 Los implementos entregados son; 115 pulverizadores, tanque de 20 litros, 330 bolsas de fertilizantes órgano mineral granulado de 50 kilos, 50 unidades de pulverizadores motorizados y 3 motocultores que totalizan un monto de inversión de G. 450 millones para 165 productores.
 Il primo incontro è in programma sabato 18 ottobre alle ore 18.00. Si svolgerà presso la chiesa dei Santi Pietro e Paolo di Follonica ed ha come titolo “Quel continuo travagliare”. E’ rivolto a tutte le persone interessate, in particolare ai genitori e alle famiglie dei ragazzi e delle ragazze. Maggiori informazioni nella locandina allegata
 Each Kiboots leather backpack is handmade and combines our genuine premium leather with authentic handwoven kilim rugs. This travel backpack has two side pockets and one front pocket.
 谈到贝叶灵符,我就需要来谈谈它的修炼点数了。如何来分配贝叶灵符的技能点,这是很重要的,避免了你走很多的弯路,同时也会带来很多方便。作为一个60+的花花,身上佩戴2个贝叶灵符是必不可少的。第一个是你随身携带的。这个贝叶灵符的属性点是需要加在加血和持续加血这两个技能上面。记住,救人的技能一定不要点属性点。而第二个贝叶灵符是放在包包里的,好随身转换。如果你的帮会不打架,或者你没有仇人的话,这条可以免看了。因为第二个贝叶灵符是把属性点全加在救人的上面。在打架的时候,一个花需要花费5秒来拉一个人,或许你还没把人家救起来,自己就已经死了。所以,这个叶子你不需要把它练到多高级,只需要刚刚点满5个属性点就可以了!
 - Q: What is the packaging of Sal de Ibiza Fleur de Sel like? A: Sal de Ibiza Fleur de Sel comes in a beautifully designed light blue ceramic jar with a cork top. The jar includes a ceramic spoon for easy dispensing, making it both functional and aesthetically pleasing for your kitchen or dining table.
-------
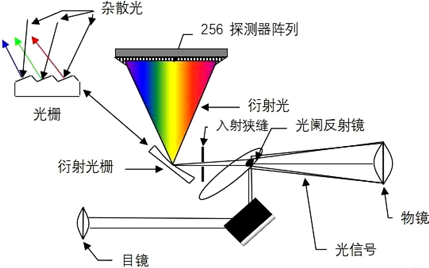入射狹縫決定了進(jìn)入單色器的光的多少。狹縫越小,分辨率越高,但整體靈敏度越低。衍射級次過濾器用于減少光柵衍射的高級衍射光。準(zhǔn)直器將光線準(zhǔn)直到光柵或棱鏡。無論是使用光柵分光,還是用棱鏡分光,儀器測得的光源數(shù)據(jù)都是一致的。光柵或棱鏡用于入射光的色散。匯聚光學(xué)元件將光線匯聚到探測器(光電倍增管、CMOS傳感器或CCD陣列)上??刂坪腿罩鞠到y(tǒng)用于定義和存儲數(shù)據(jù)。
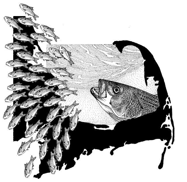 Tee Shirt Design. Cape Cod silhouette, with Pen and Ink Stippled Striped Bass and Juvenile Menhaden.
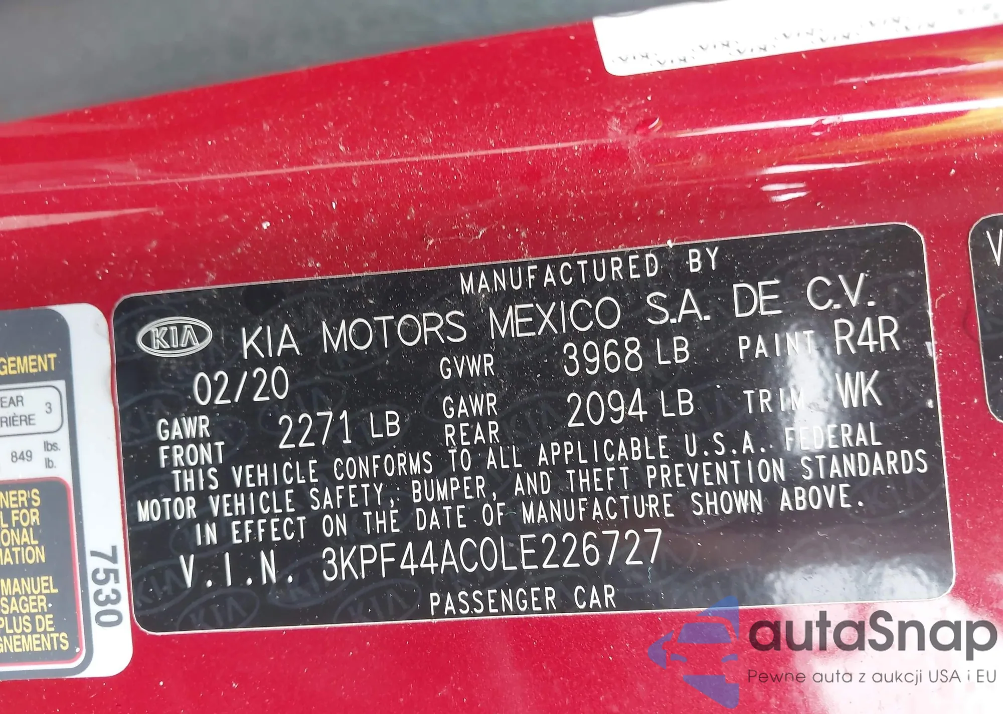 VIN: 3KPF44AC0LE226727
-------
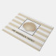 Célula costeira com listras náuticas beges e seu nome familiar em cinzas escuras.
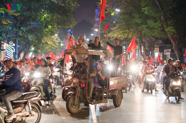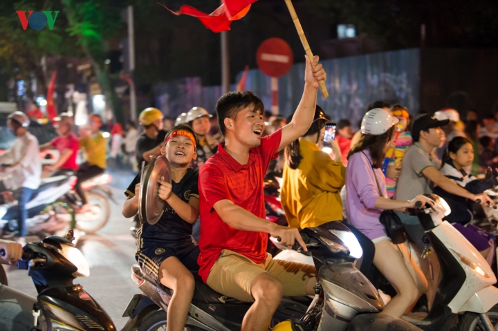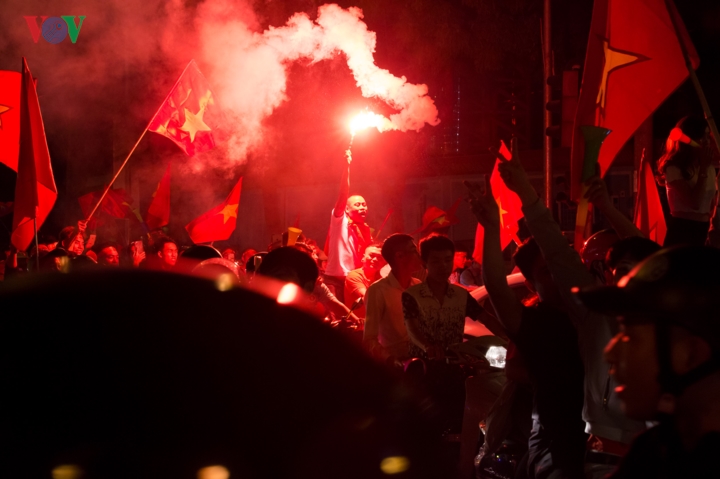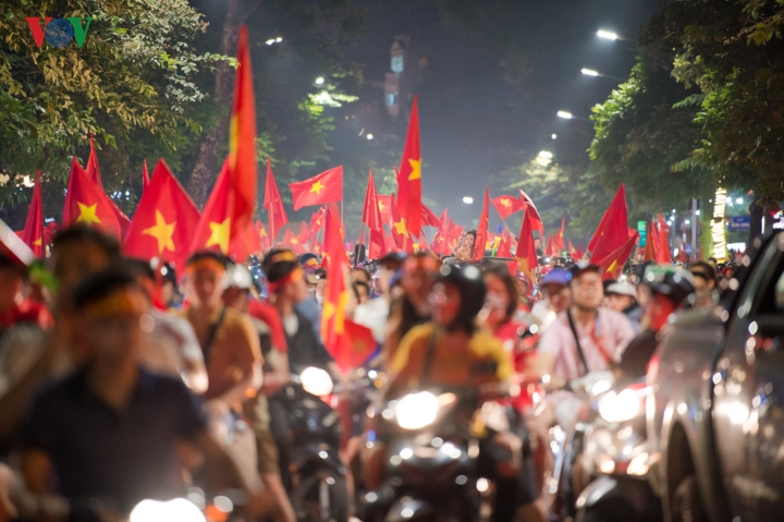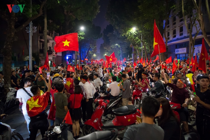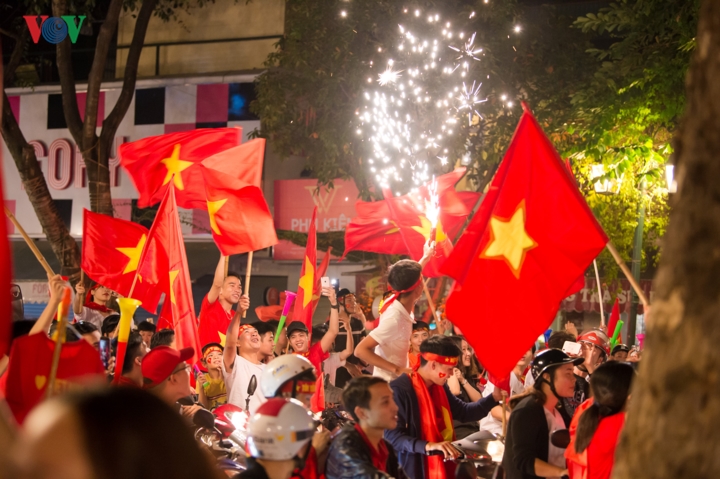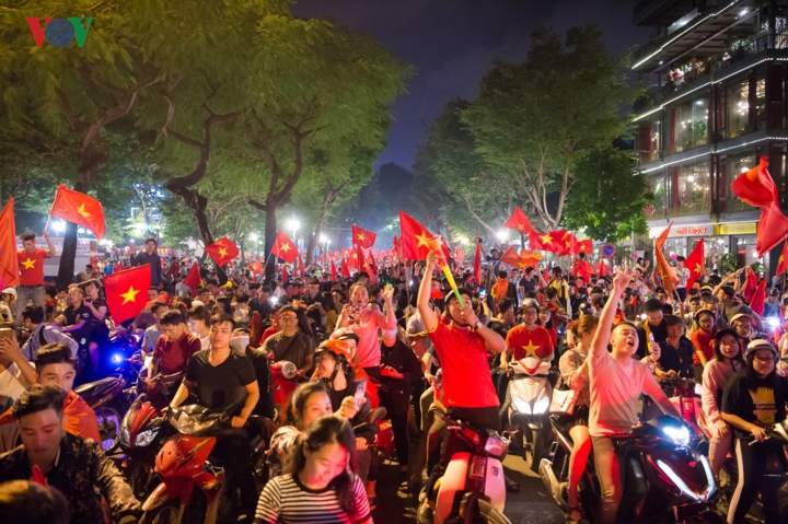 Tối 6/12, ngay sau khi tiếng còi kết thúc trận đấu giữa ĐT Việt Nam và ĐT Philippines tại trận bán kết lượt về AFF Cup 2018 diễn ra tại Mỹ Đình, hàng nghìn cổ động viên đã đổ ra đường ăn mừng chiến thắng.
-------
Restate word for word the lines in the material above from the one with "Los implementos entregados" to the one with "谈到贝叶灵符,我就需要来谈谈"; both of those lines count, and nothing else does.

 Los implementos entregados son; 115 pulverizadores, tanque de 20 litros, 330 bolsas de fertilizantes órgano mineral granulado de 50 kilos, 50 unidades de pulverizadores motorizados y 3 motocultores que totalizan un monto de inversión de G. 450 millones para 165 productores.
 Il primo incontro è in programma sabato 18 ottobre alle ore 18.00. Si svolgerà presso la chiesa dei Santi Pietro e Paolo di Follonica ed ha come titolo “Quel continuo travagliare”. E’ rivolto a tutte le persone interessate, in particolare ai genitori e alle famiglie dei ragazzi e delle ragazze. Maggiori informazioni nella locandina allegata
 Each Kiboots leather backpack is handmade and combines our genuine premium leather with authentic handwoven kilim rugs. This travel backpack has two side pockets and one front pocket.
 谈到贝叶灵符,我就需要来谈谈它的修炼点数了。如何来分配贝叶灵符的技能点,这是很重要的,避免了你走很多的弯路,同时也会带来很多方便。作为一个60+的花花,身上佩戴2个贝叶灵符是必不可少的。第一个是你随身携带的。这个贝叶灵符的属性点是需要加在加血和持续加血这两个技能上面。记住,救人的技能一定不要点属性点。而第二个贝叶灵符是放在包包里的,好随身转换。如果你的帮会不打架,或者你没有仇人的话,这条可以免看了。因为第二个贝叶灵符是把属性点全加在救人的上面。在打架的时候,一个花需要花费5秒来拉一个人,或许你还没把人家救起来,自己就已经死了。所以,这个叶子你不需要把它练到多高级,只需要刚刚点满5个属性点就可以了!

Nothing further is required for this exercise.